2A: 2 (SS2 1.6, 1.9); 3aK2 (SS31.10); 3aV (SS3 1.10); 3aY (SS3 1.0, 1.10); 6L (SS6 1.6); 7F (SS7 1.5)

Common Core: 

  1. Cite specific textual evidence to support analysis of primary and secondary sources, connecting insights gained from specific details to an understanding of the text as a whole.
  2. Integrate information from diverse sources, both primary and secondary, into a coherent understanding of an idea or event, noting discrepancies among sources.

Key terms: 

Emancipation – the act of freeing from bondage

Confiscation – appropriated by the government

Historical Background:

After the election of President Lincoln the Southern states seceded from the Union. Lincoln claimed that secession was unconstitutional. Therefore the Southern states were in rebellion. The resulting conflict is known as the Civil War.

The Civil War waged for two years. The Union Army of the Potomac led by General McClellan did not have any significant victories. The Confederates were doing well in the East but the Western Campaign saw some significant victories. Antietam, the single bloodiest battle in the Civil War at this point, will cause General Grant to approve General Sherman’s march to Atlanta through the heart of the Confederacy.

Lincoln struggled with the issue of slavery. Up to this point the conflict mostly focused on the right of states to secede. The reason for Southern Secession was rooted in slavery. Lincoln had drafted the Emancipation Proclamation but was advised by Secretary of State William Seward to wait for a significant victory before announcing the Proclamation.
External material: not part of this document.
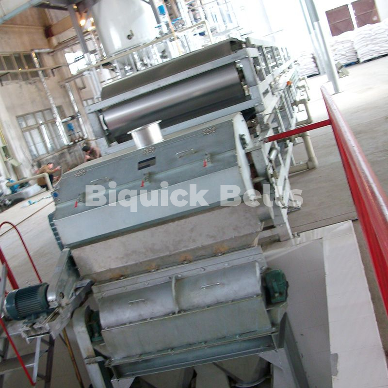 Ленточный охладитель из нержавеющей стали состоит из двойных роликов, ленточного конвейера из нержавеющей стали, дробилки хлопьевидного материала, системы водяного охлаждения и ходовой части. Термоплавкий материал, экструдированный экструдером, раскатывается валками в полосу толщиной 1-2 мм и охлаждается водой. В процессе транспортировки холодная вода распыляется на заднюю часть стальной ленты с помощью форсунок, обеспечивая равномерное распределение охлаждающей воды, что позволяет материалу равномерно охладиться до твердого состояния и разбиться на хлопья, которые попадают в бункер для материала. Охлаждающая вода не вступает в контакт с веществами в системе охлаждения. Незагрязненную охлаждающую воду можно перерабатывать или сбрасывать, не вызывая загрязнения окружающей среды.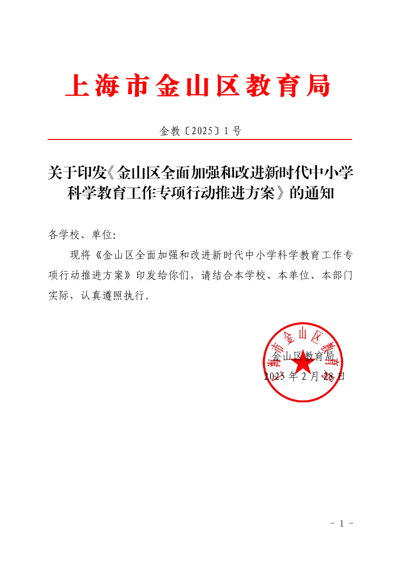 ??現(xiàn)將《金山區(qū)全面加強和改進新時代中小學科學教育工作專項行動推進方案》印發(fā)給你們,請結合本學校、本單位、本部門實際,認真遵照執(zhí)行。

Antietam was the victory Lincoln needed to announce his Proclamation.

Because Congress refused to confront the slave issue Lincoln issued an Executive Order, but only the slaves in the states of rebellion would be emancipated. Previously Congress had given the Army the power to free the slaves or rather not to return the slaves to their former masters under the Second Confiscation Act. The slaves were property, therefore contraband.

Lincoln is remembered as the Great Emancipator, but he only freed the slaves in the Confederacy. Why? How does the Emancipation Proclamation lay the foundation for the 13th Amendment?

Anticipatory Set: 

Quick write: Write what you know about how the slaves got their freedom in the United States.

Do Now Activity:

Have the room prepared:

  1. Projector
  2. Copies of the tests
  3. Handouts

Procedures:

  1. Take the Pre-Test
  2. PowerPoint – Background information
  3. Investigate the Emancipation Proclamation – Have the students divided into groups to read the Emancipation Proclamation and answer the questions.
  4. After the students have read the Emancipation Proclamation have a class discussion about the Proclamation. Topics to discuss to include:
    1. Why did Lincoln need/want to free the slaves?
    2. Why did he only free the slaves in the Confederacy?
    3. How did this help the war effort?
    4. How would/could hurt the war effort?
    5. Effects of the Proclamation.
  5. As you leading the class discussion advance through the PowerPoint presentation as needed to complete the students’ knowledge.
  6. Read Lincoln’s letter to Hodges –
    1. Answer the question – Did Lincoln control the events or did the events control Lincoln?
  7. 13th Amendment – Students read and discuss, why all the slaves were not freed until the passage of the 13th Amendment.
  8. Post-Test

Homework: None

Assessment: Post-Test

Extension: 

Create a journal from the perspective of a slave in the Confederacy. Include a journal entry for the day the slave learned about the Emancipation Proclamation and the day the 13th Amendment is passed.